§ **YOUR TASK**: Set down, exactly as written, the line containing "График работы на весенние" and all the lines that follow it to the end of the entries below, omitting every picture.

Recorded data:
□ □ □ □ □

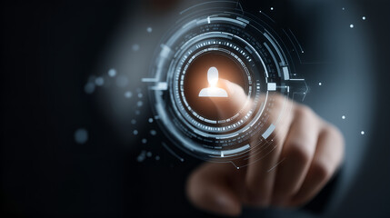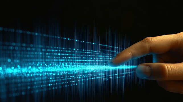 Touch of Tomorrow: A close-up view of a finger making contact with an intricate digital display, evoking a sense of technological innovation and futuristic interaction.
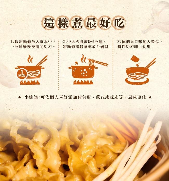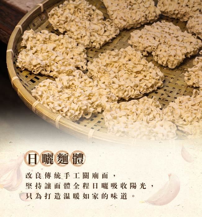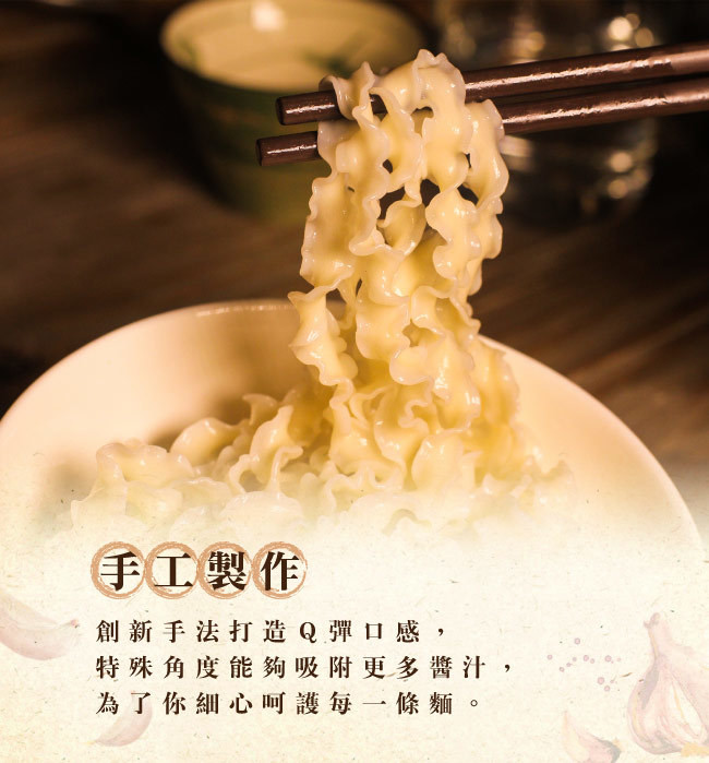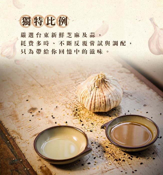 蒜香麻醬選用台東芝麻,多道工法精粹提煉製成,香氣濃郁。而濃烈的芝麻香氣中和蒜頭的辛辣感,加上風味香醇的純釀造醬油,相互結合成完美的拌麵醬,淋上Q彈有嚼勁的麵條。吃一口,在舌尖上交織出暖暖的家鄉味。
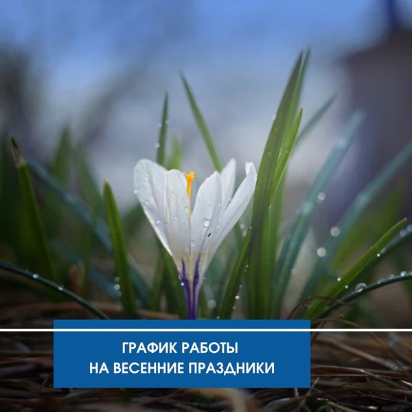 График работы на весенние праздники! Уважаемые клиенты! Поздравляем Вас с первым днём весны! Пусть этот прекрасный сезон принесет вам благополучие и процветание в делах! График работы на праздничные дни в марте: 8 марта – выходной день; 9 марта – работает дежурная смена с 10.00 до 14.00; 10 марта – выходной день. 21, 22, 24 и 25 марта — выходной день; 23 марта — работает дежурная смена с 10.00 до 14.00.
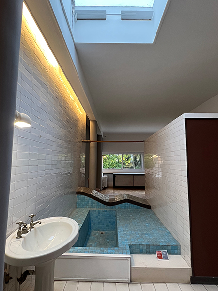 夫婦の寝室から、タイルの庭園に抜ける間には小さな書斎が。
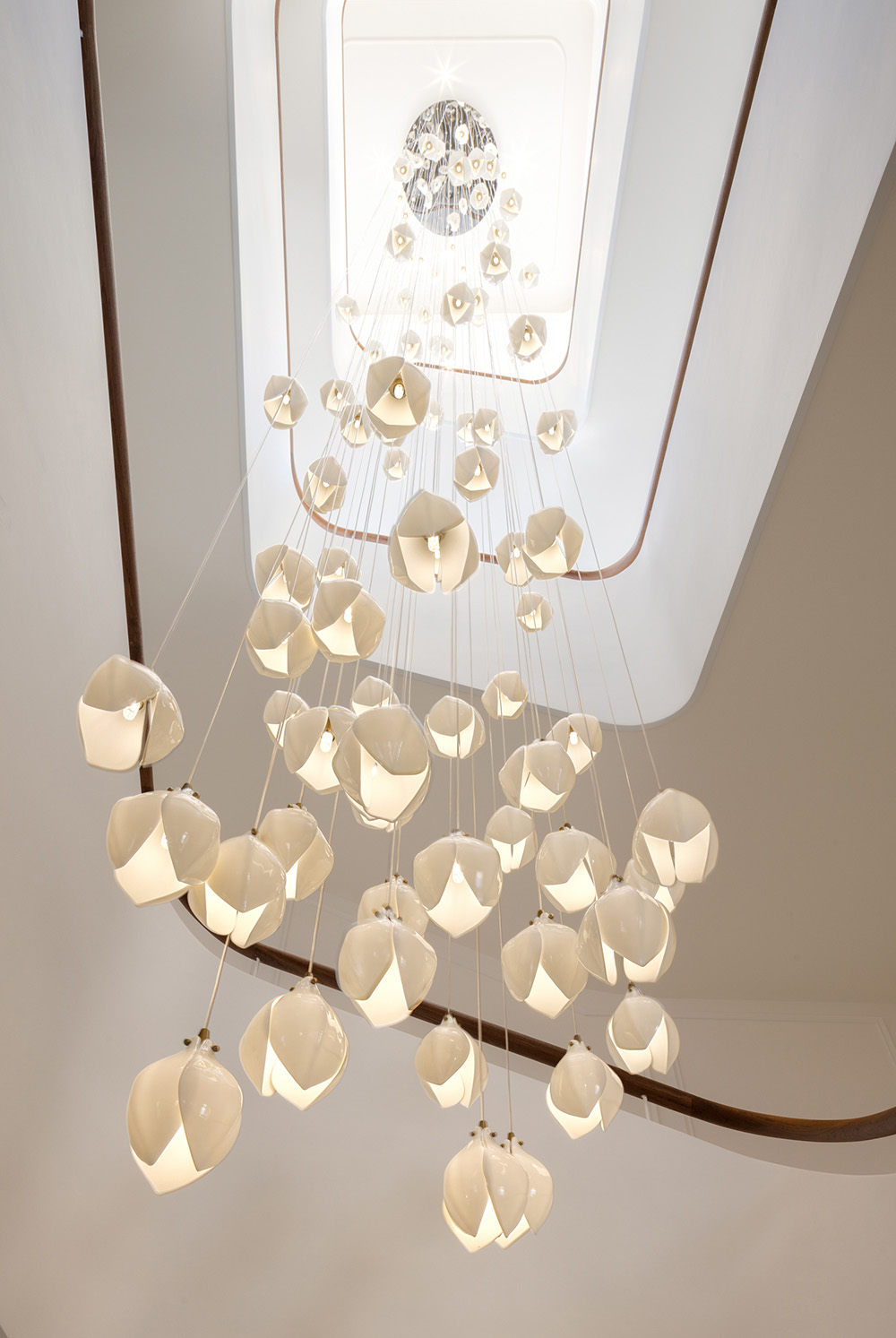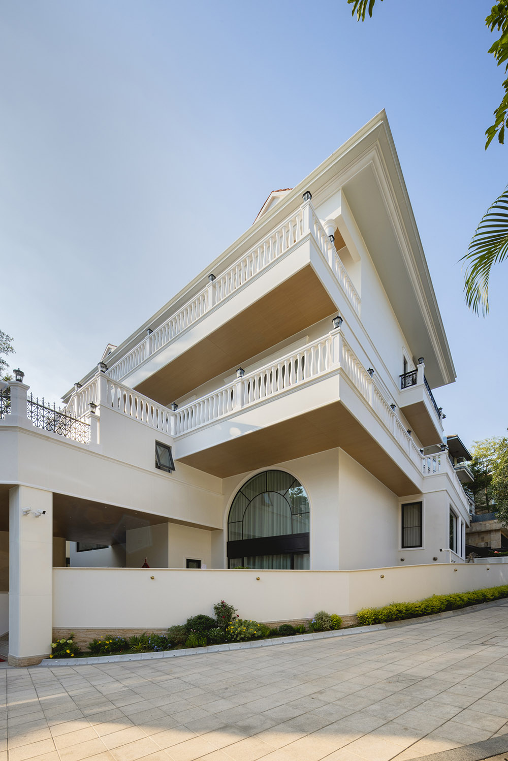 项目择址广州白云区生态腹地,踞守都市繁华与自然静谧的黄金交汇点。建筑群以纯白几何体块错落矗立于碧波湖畔,如一方悬浮于绿意之上的乌托邦结界,将喧嚣车马隔绝于外。
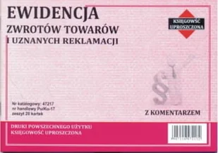 Przedmiotem tej transakcji jest ewidencja reklamacji i zwrotów. Druk wykonany w oprawie zeszytowej - albumowej, format A5 (210 x 148 mm), objętość 20 kartek. Podstawa prawna stosowania druku: Rozporządzenie Ministra Finansów z dnia 15 marca 2013 r (Dz. U. z 2013 r., poz. 363 z pózn. zm.) Zgodnie z obowiązującą ordynacją podatkową, przedsiębiorca ma obowiązek prowadzić ewidencję reklamacji i zwrotów. Dokonane w tej ewidencji wpisy, poparte dokumentami takimi jak list przewozowy, czy pokwitowanie odbioru przesyłki, są podstawą do uwiarygodnienia faktur korygujących, wystawianych w związku ze zwrotmai oraz kosztów poniesionych przez przedsiębiorę w związku z procedurą reklamacyjną.

□ □ □ □ □

§ **ANSWER BOX**:
 График работы на весенние праздники! Уважаемые клиенты! Поздравляем Вас с первым днём весны! Пусть этот прекрасный сезон принесет вам благополучие и процветание в делах! График работы на праздничные дни в марте: 8 марта – выходной день; 9 марта – работает дежурная смена с 10.00 до 14.00; 10 марта – выходной день. 21, 22, 24 и 25 марта — выходной день; 23 марта — работает дежурная смена с 10.00 до 14.00.
 夫婦の寝室から、タイルの庭園に抜ける間には小さな書斎が。
 项目择址广州白云区生态腹地,踞守都市繁华与自然静谧的黄金交汇点。建筑群以纯白几何体块错落矗立于碧波湖畔,如一方悬浮于绿意之上的乌托邦结界,将喧嚣车马隔绝于外。
 Przedmiotem tej transakcji jest ewidencja reklamacji i zwrotów. Druk wykonany w oprawie zeszytowej - albumowej, format A5 (210 x 148 mm), objętość 20 kartek. Podstawa prawna stosowania druku: Rozporządzenie Ministra Finansów z dnia 15 marca 2013 r (Dz. U. z 2013 r., poz. 363 z pózn. zm.) Zgodnie z obowiązującą ordynacją podatkową, przedsiębiorca ma obowiązek prowadzić ewidencję reklamacji i zwrotów. Dokonane w tej ewidencji wpisy, poparte dokumentami takimi jak list przewozowy, czy pokwitowanie odbioru przesyłki, są podstawą do uwiarygodnienia faktur korygujących, wystawianych w związku ze zwrotmai oraz kosztów poniesionych przez przedsiębiorę w związku z procedurą reklamacyjną.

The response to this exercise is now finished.